The slaves who fled to British lines, however, were not innoculated, and were less military help than otherwise they might have been since they sickened and died by the hundreds, creating a medical and humanitarian crisis for the British Army from beginning to end of the Revolution. Smallpox's long incubation period meant that someone infected with Variola could be working normally one day and collapsed in agony 24 hours later. Those who moved in the wake of the British Army simply transported the epidemic along with the cannon and the baggage train. The inevitable drain on supplies, and the burden on the Army, lead to the (probably inescapable) decision by Cornwallis to abandon slave volunteers and followers, promises of freedom notwithstanding. In August of 1780, Cornwallis complained: "Our consumption of provisions is considerably increased by a number of refugees lately come to us, and by negroes that are employed in different branches of the public service". [Pages 129-130] And so they were turned out, and the closer to the end at Yorktown the more who were left to their fate. General O'Hara was appalled; so were some of the Hessians. [Page 130; O'Hara's heroic rebuke to Cornwallis is quoted in the footnote.] Thomas Jefferson estimated that of the "thirty thousand Virginia slaves he believed had joined the British 'about 27,000 died of the small pox and camp fever.'" [Page 131]

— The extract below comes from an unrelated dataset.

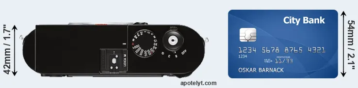 The physical dimensions of the Leica M Typ 262 relative to a credit card are illustrated in the side-by-side display below. Three successive views from the front, the top, and the rear are shown. All width, height and depth measures are rounded to the nearest millimeter.
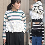 2025年INS 秋冬新作 気質 おしゃれ フリル 大ポケット ストライプシャツ レディース

The years' long continuous contagion had an interesting side effect: the tendency to assume that the arrival of smallpox in a given area was a deliberate policy of the enemy. Fenn describes rumors of calculated infection, ranging from soldiers in Quebec in 1776 to information passed by Congressman Josiah Bartlett in 1777 to fellow delegate William Whipple: "It seems their design is, this Spring to spread the small pox through the country". [Page 91] "They" being the inevitable amorphous but omniscient enemy of all mass plots: "Leading New Hampshire patriots were 'certainly concerned and we have reason to think most of the Tories in New England are in the plan.'" [Page 91, Bartlett's letter to Whipple] Lord Dunmore, on his way out of Virginia and into infamy, was accused of deliberately spreading smallpox, too [page 91]. This sort of paranoid delusion would have a long extension into the future, reappearing in the ivy halls of academe as Americans deliberately infecting Indians with smallpox rather than the British and the evil, lurking Tories intentionally infecting Colonists.

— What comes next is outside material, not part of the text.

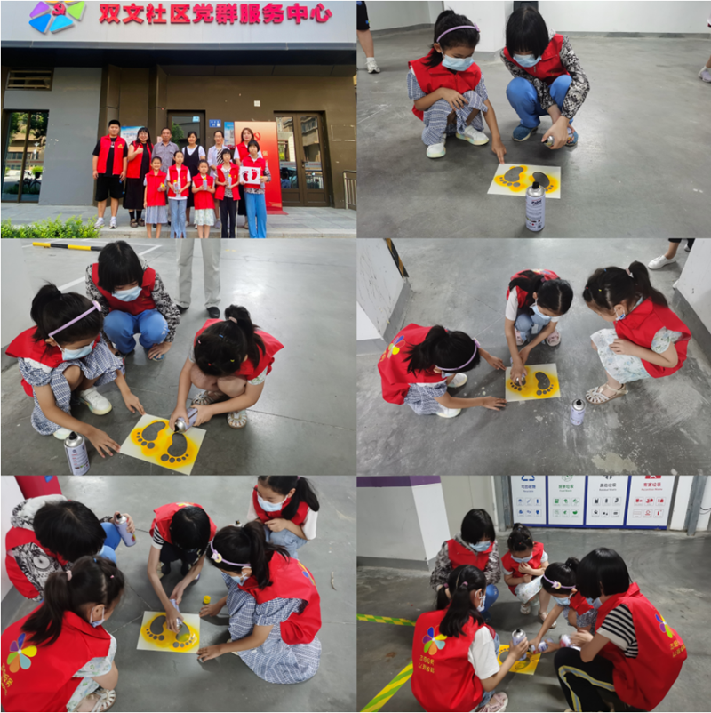 8月21日,双文社区组织“小双子星”志愿者在朝晖园地库垃圾投放点进行“小脚丫”喷绘活动,制作地图路线进行引导。小志愿者们亲自动手参与喷绘,有助于让环保精神和文明理念在他们心中扎根萌芽。

Fenn's book is a chilling, depressing and fascinating narrative, well researched and immensely well written. Unlike many current academic works, it is straight forward, unpolitical and in the service of no theory. Pox Americana is what history books should be and often are not. It has only one fault, which cannot be attributed to the author or the subject: it is simply not possible for those of us used to life in a world where even doctors have never seen someone suffer and die from epidemic disease to understand the fear, the grief or the stench of a long gone world where a virus and not George III was the real king.